J. había metido a un individuo en casa, le había alquilado una habitación. No le hacía falta el dinero, y tampoco le sobraba la habitación; pero allí estaba aquel tipo, sentado en su mesa, con su albornoz puesto y bebiéndose su café. El tipo necesitaba unas cuantas tazas de café para despertar, era un auténtico gasto, y también económico.
Estaba todo el día haciendo tonterías: jugando con el móvil, viendo la televisión, metido en internet, ojeando redes sociales, viendo las noticias… alimento de los infiernos para trastocar el alma. Le caía realmente mal, podríamos decir que no lo soportaba, y cada vez se le hacía más difícil la convivencia con él. No recordaba cuanto tiempo llevaban viviendo juntos, pero le estaba cansando.

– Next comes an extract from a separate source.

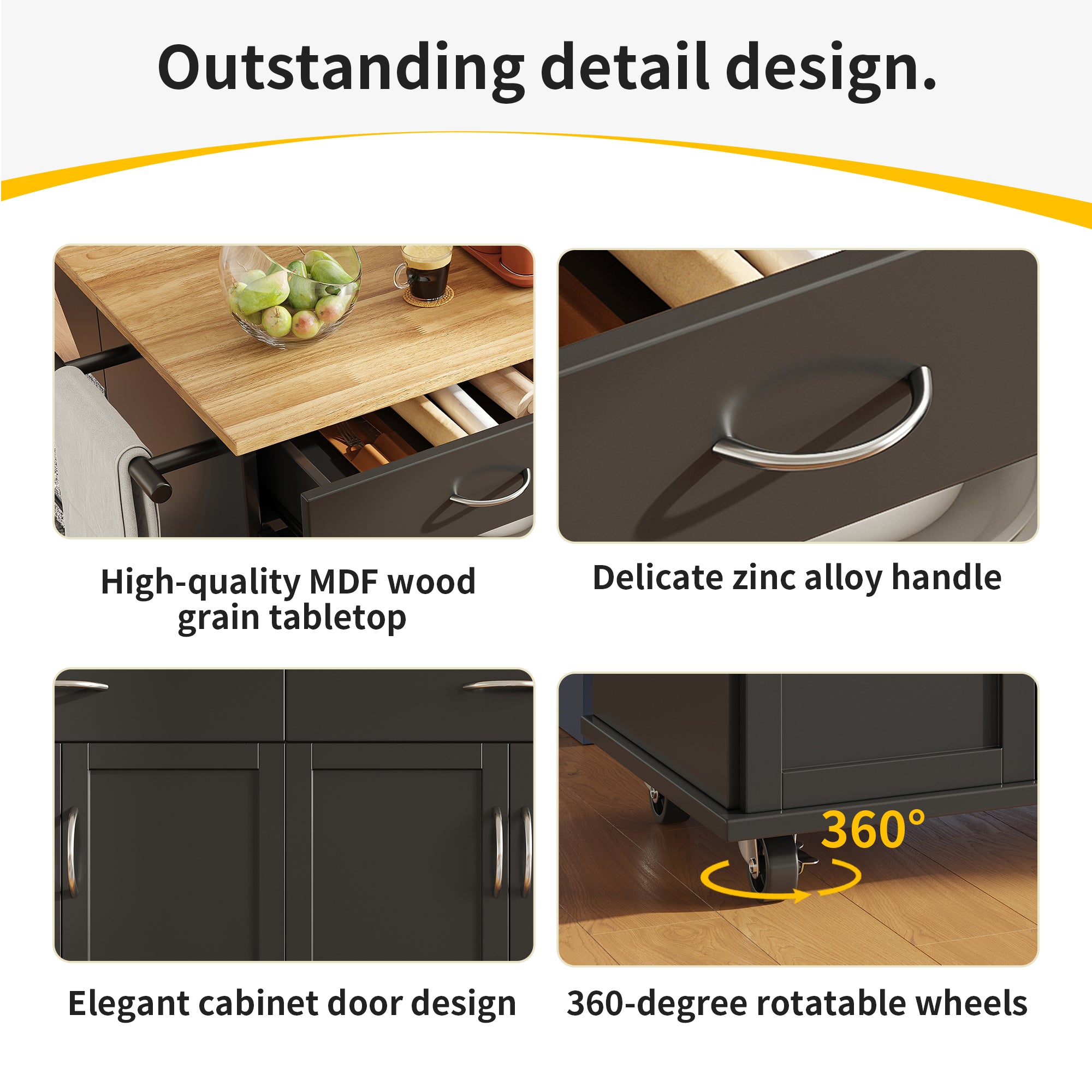 The kitchen island trolley features a simple and modern style that adapts perfectly to various home decoration styles. Its unique and attractive design, with smooth lines and bright colors, showcases unparalleled elegance and adds an artistic atmosphere to your kitchen. The clever modeling design enriches the spatial hierarchy of the kitchen and creates well-defined functional areas, leading to a more reasonable and orderly kitchen layout. Choosing this kitchen island means choosing a high-quality lifestyle, making cooking easier, more enjoyable, and improving your overall life experience.

No podía echarlo, porque el tipo había firmado un contrato y él ni siquiera encontraba la copia. No sabía de cuánto tiempo era el contrato y tampoco sabía las condiciones; el inquilino imponía las normas haciéndose valer del contrato y él tenía que creerle y obedecer mientras buscaba su copia. Cada día la buscaba, revolvía todos los cajones y ponía todos los muebles patas arriba; pero el contrato no aparecía, es como si hubiese desaparecido.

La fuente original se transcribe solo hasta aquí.